Toyota’s deeper Haas tie could reshape the 2027 driver market — and put Jack Doohan back in play
Haas and Toyota are about to get a lot closer. What began as technical collaboration and TPC mileage has swelled into a full-blown title sponsorship from 2026, and with it comes a driver development push that could ripple through the grid. Team principal Ayao Komatsu is happy to welcome the extra muscle — but he’s clear there’s one non-negotiable: performance.
Toyota Gazoo Racing will put its name above the door as F1 shifts to the new power unit era next year, and part of that partnership is people. Engineers crossing over, race operations learning loops, and, yes, drivers. Haas ran Testing of Previous Cars for the first time this year, with Toyota factory ace Ryo Hirakawa logging laps and feedback, a noteworthy first taste of how this alliance can work in practice. Expect that pipeline to be formalized in 2026.
“They want to develop people — and that includes drivers,” Komatsu said to media. “But anyone who gets in our car has to be the best choice in terms of performance.” He even name-checked Toyota chairman Akio Toyoda in making the point that parachuting in a driver who isn’t ready would “become a joke” and look like a paid seat. That’s not the plan.
Still, it’s a plan that inevitably leads to a bigger conversation. With Oliver Bearman and Esteban Ocon contracted through 2026, Haas is nominally set for the first year of the new regulations. After that, it’s wide open. Teams and drivers have been telegraphing for months that 2027 is the move. See where the ’26 cars land, then jump.
That’s where the names start to swirl. Yuki Tsunoda, displaced at Red Bull by Isack Hadjar and heading into a test and reserve season, will be on the market for 2026 and beyond. His nationality makes him an obvious talking point in a Toyota-linked structure, and Komatsu didn’t shy away from the idea that he admires the driver. But the focus, he stressed, is on delivering a competitive ’26 car first. Unlock pace, and suddenly you’re the team drivers call — not the other way around.

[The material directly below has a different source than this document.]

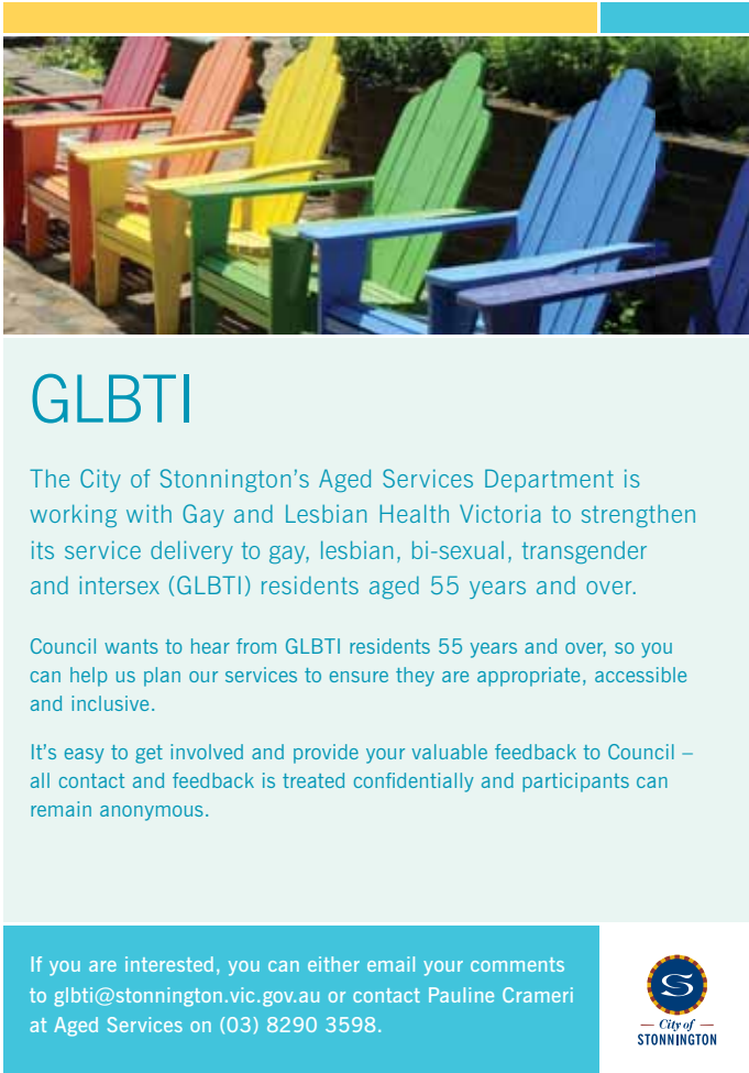
Figure One: flyer for GLBTI consultation

A brief GLBTI survey has been developed for any people contacting us as a result of the flyer. To date four clients and one community member have responded to the invitation. All have agreed to participate in a further communication and/or discussion group.

And then there’s Jack Doohan. The Australian’s F1 story has been stop-start so far, but the Haas–Toyota axis could quietly reopen that door. Doohan has long been viewed as one of the cleaner, more adaptable prospects from recent F2 vintages, and he’s been hovering around opportunities without the full-time breakthrough many expected. If Haas finds itself with a seat to fill for 2027, a structured program backed by Toyota’s development intent makes him exactly the sort of high-ceiling option that fits Komatsu’s “performance first” brief. There’s no handshake hiding in the background here — just logic and timing that finally line up.
Toyota’s presence also changes the texture of Haas. This isn’t a works team rebrand; it’s a privateer gaining manufacturer heft at a critical moment in F1’s rulebook reset. The TPC running with Hirakawa signaled trust in both directions, and the next step is a ladder that makes sense: get talented drivers into Haas machinery with enough mileage and sim integration that, if a race seat opens, the learning curve is short. It’s how proper programs run.
Komatsu, for his part, is keeping the message tight. Finish the job in 2026. Make the car quick and reliable. Then let the phone ring. “Most of the drivers want to see how ’26 pans out,” he said. “The market is going to be so open for ’27. To put ourselves in the best position, we need a competitive ’26 season.” Translation: beat expectations next year and you’re shopping in a very different aisle when silly season kicks off.
There are a few dates to circle. Haas will unveil the VF-26 on January 23, with pre-season running in Barcelona three days later. That’s when we’ll get the first taste of how far this project has moved — and how ready Haas is to be more than a midfield survivor when the new rules drop.
If the car’s quick, the driver queue forms fast. Tsunoda’s availability is real. Doohan’s path, at long last, might be clearing. And Toyota, newly on the door, will have a voice in the room — not to buy a seat, but to help make sure the right driver ends up in the right one.